If Hooty is ruffled at King for stealing his idea, he’s not being vocal about it. But nobody’s really focusing on Hooty anymore, because now Willow’s more preoccupied with considering the human’s proposal, tapping her fingers together uncertainly. 

“Well…. the celestial powers only align once a year.” She looks to Gus for support, sees him smiling wide and ecstatic, nodding his yes. She’s beginning to smile back.

“....Okay.” She fists her hands in triumph. “Okay! Let’s do it! Let’s have a conjuring!”

“Yeah, conjuring!” King pumps his arms in the air, excited despite that he’s still not entirely sure what a moonlight conjuring means exactly. “Bring something to life with moon magic” makes it sound deceptively simple. 

It’s in the middle of this celebration that another voice cuts through the din, this one a lot gruffer and far less shrieky:

“Kid! What’re you yelling about now?!”

Eda has suddenly appeared in the doorway between the living room and the stairs, arms crossed impatiently. A single grey feather is sticking up from her hair like a cowlick.

“Eda!” King greets her, unwittingly glad. “Me and Gus and Willow are—”

“Pause.” Eda holds up a hand. On reflex King falls silent immediately. 

“I need you upstairs for a mo’. Something’s come up.” With that she turns to climb back up the stairs, two at a time in her urgency. 
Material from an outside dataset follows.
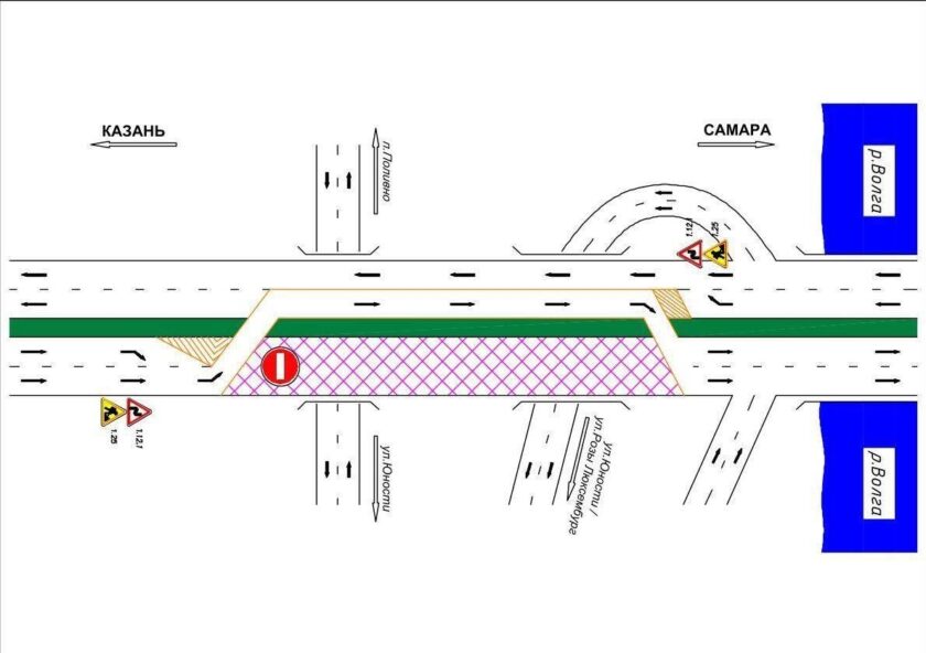 В дальнейшем планируется перекрытие левой проезжей части (в направлении г. Казани). Движение также будет организовано по одной полосе в каждом направлении, но уже по правой стороне проезжей части.

King frowns. Makes to stand up hastily. “I’ll, uh.” He glances down at the other three gathered at the table apologetically. “Imma be right back.” 

 


 

Eda’s bedroom is a mess, but it still looks a lot better than it did after the Owl Beast attacked it a few weeks ago. The massive stained-glass window, patched up good as new, tints the amber daylight even warmer as it shines through.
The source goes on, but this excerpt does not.